HONG KONG • Hong Kong has long marketed itself as the gateway to China for foreign businesses, especially the United States. With a trade war now raging between the world's two largest economies, that has become a problem.
Having shifted its factories across the border decades ago to benefit from cheaper labour, Hong Kong now finds its role as a trade conduit to be a source of concern.
Products destined for China and the US passing through the city accounted for almost 10 per cent of its roughly US$500 billion (S$690 billion) in exports last year, according to the Hong Kong Trade Development Council.
The import-export business overall represents almost a fifth of the domestic economy, and worsening sentiment on the mainland can spill over into the former British colony in other ways - most obviously tourism spending. Add the trade war threat to an already-inflated property market, and Hong Kong's economy begins to look fragile.
"These are the two biggest traders in the world, and they trade through us with each other," said Mr Nicholas Kwan, director of research at the Hong Kong Trade Development Council (HKTDC). "So when they are fighting, a lot of intermediaries get hurt and we are the most prominent intermediary between these two."
The immediate effect of the worsening of the trade conflict this year is hard to disentangle from already-slowing activity, but it is clear that metrics such as container throughput will continue to suffer if the tariff war drags on.
Gross domestic product grew 3.5 per cent in the second quarter from a year ago, compared with a revised 4.6 per cent in the first, according to government data.

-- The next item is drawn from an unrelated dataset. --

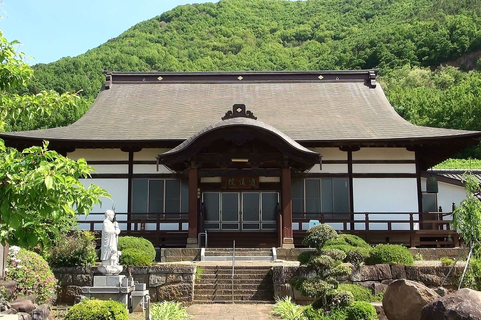 Shouyouin temple Kofu-city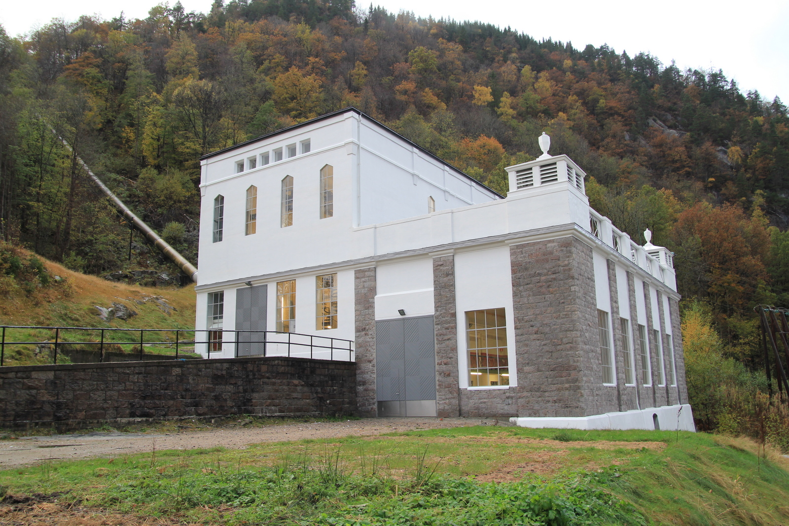 Tryland power station, Lindesnes.

The HKTDC cut its forecast for Hong Kong's 2018 export growth to 3 per cent from 6 per cent after its latest quarterly export sentiment index reading for last month plunged a record amount, from an expansionary 54.1 in the second quarter to 35.8 in the third. Readings below 50 indicate a majority of exporters expect contracting shipments.
The results underscore the gloom surrounding Hong Kong's trade market, especially in the key electronics segment, which suffered the biggest overall drop to 35.4 from 55.2 in the prior quarter, the report said. The sector makes up almost 70 per cent of total merchandise exports.

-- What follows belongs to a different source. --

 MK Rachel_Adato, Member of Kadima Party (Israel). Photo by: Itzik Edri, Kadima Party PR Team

The trade woes come at a tricky time as the city navigates the impact of a slowing economy in China while borrowing costs are likely to rise due to monetary policy being tied to the Federal Reserve's interest rate hikes, thanks to the city's currency peg.
"We cannot rely on monetary policy," said Ms Iris Pang, Greater China economist with ING Bank NV in Hong Kong. "We have to rely on fiscal stimulus and now is the right time for the Hong Kong government to spend its fiscal money."
Ms Pang cut her 2018 economic growth forecast for Hong Kong to 3.6 per cent from 4.9 per cent in August due to the trade war and may slash her 2019 and 2020 targets as well if the conflict continues, she said. She currently forecasts 2.6 per cent growth next year and 2.5 per cent in 2020. Standard Chartered Bank and United Overseas Bank have also lowered their forecasts for this year.
A weaker domestic economy, higher interest rates and a dimmer outlook could all contribute to a turning point for the territory's real-estate market, among the world's most expensive.